Arzneimittel und Therapie

Mit Nadeln gegen Nervenschmerzen

Akupunktur kann betroffenen Krebspatienten langfristig helfen

Die Polyneuropathie ist eine Nebenwirkung, die bei Chemotherapien beispielsweise mit Platinverbindungen, Taxanen und anderen Mitosehemmern auftritt. Sie schränkt die Lebensqualität der Betroffenen nach dem Überleben der Krebserkrankung oft langfristig ein. Auf der Suche nach einer gut verträglichen, evidenzbasierten Behandlung wurde nun die Therapie mittels Akupunktur genauer unter die Lupe genommen.

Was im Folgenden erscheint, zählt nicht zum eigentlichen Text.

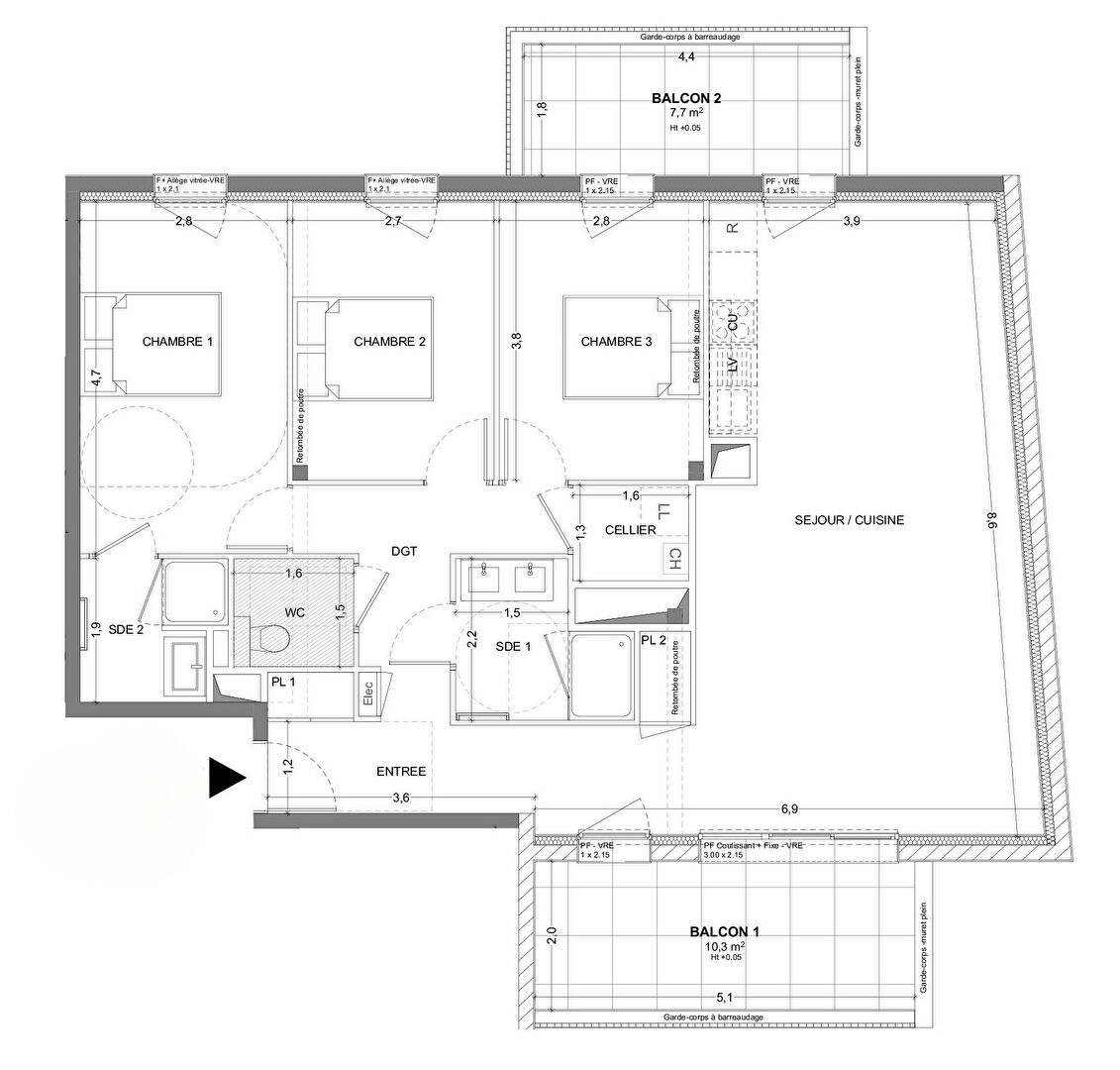 Bruz - Appartement 3 pièces 85.80m² avec jardin de 67.79m² et terrasse 8.62m² - loggia de 6.36m², stationnement en sous-sol sécurisé - local vélo. Frais de notaire offerts Proche de l'hyper centre de Bruz, des écoles et des commerces, cet appartement 3 pièces est situé en rez-de-jardin d'une résidence contemporaine conforme aux normes environnementales RT2020. D'une surface habitable de 85.80m², cet appartement se compose d'une entrée avec placard, d'un séjour salon avec cuisine ouverte donnant accès à une terrasse de 8.62m² et un jardin de 67.79m², ainsi qu'à une loggia exposé à l'Ouest de 6.36m² . L'espace nuit comprend un dégagement, deux chambres, une salle d'eau, un WC indépendant et un cellier offrant un rangement pratique. Autre cellier à l'extérieur. Un stationnement privatif en sous-sol complète cet ensemble. Local vélo. Côté mobilité, la localisation est idéale : la gare TER de Bruz permet de rejoindre Rennes en seulement 10 minutes, les lignes de bus STAR facilitent les déplacements locaux, et la proximité de l'aéroport Rennes Bretagne renforce la connectivité de ce bien. Prix promoteur. Les informations sur les risques auxquels ce bien est exposé sont disponibles sur le site Géorisques : www.georisques.gouv.fr. Copropriété de 39 lots - dont 17 lots habitation. Charges annuelles : 1224 euros.

Aufgrund der Zunahme an Krebserkrankungen tritt eine Polyneuropathie immer häufiger als Folge einer Chemotherapie auf. Grundsätzlich ist diese nach Beendigung der Therapie reversibel, jedoch muss mit einer langen Regenerationsphase gerechnet werden. Ungefähr die Hälfte aller Polyneuropathien geht mit Schmerzen einher. Polyneuropathische Schmerzen unterscheiden sich in ihrer Entstehung signifikant von nozizeptiven Schmerzen. Durch eine Schädigung somatosensorischer Nervenstrukturen kommt es spontan zur Aktivierung der Nerven mittels überaktiver Natriumkanäle, Entzündungs­mediatoren und Wachstumsfaktoren. In einer Metaanalyse wurden zur Behandlung der Neuropathie kürzlich folgende Wirkstoffe als Mittel der ersten Wahl genannt: Gabapentin, Pregabalin, Duloxetin, Venlafaxin und trizyklische Antidepressiva (z. B. Amitriptylin). Begleitend können Physiotherapie, Ergotherapie und körperliches Training hilfreich sein. Die Akupunktur wird vom Krebsinformationsdienst bislang als experimentelles Behandlungsverfahren, dessen Wirksamkeit nicht sicher belegt ist, aufgeführt. Hierzu werden weitere Studien als notwendig erachtet.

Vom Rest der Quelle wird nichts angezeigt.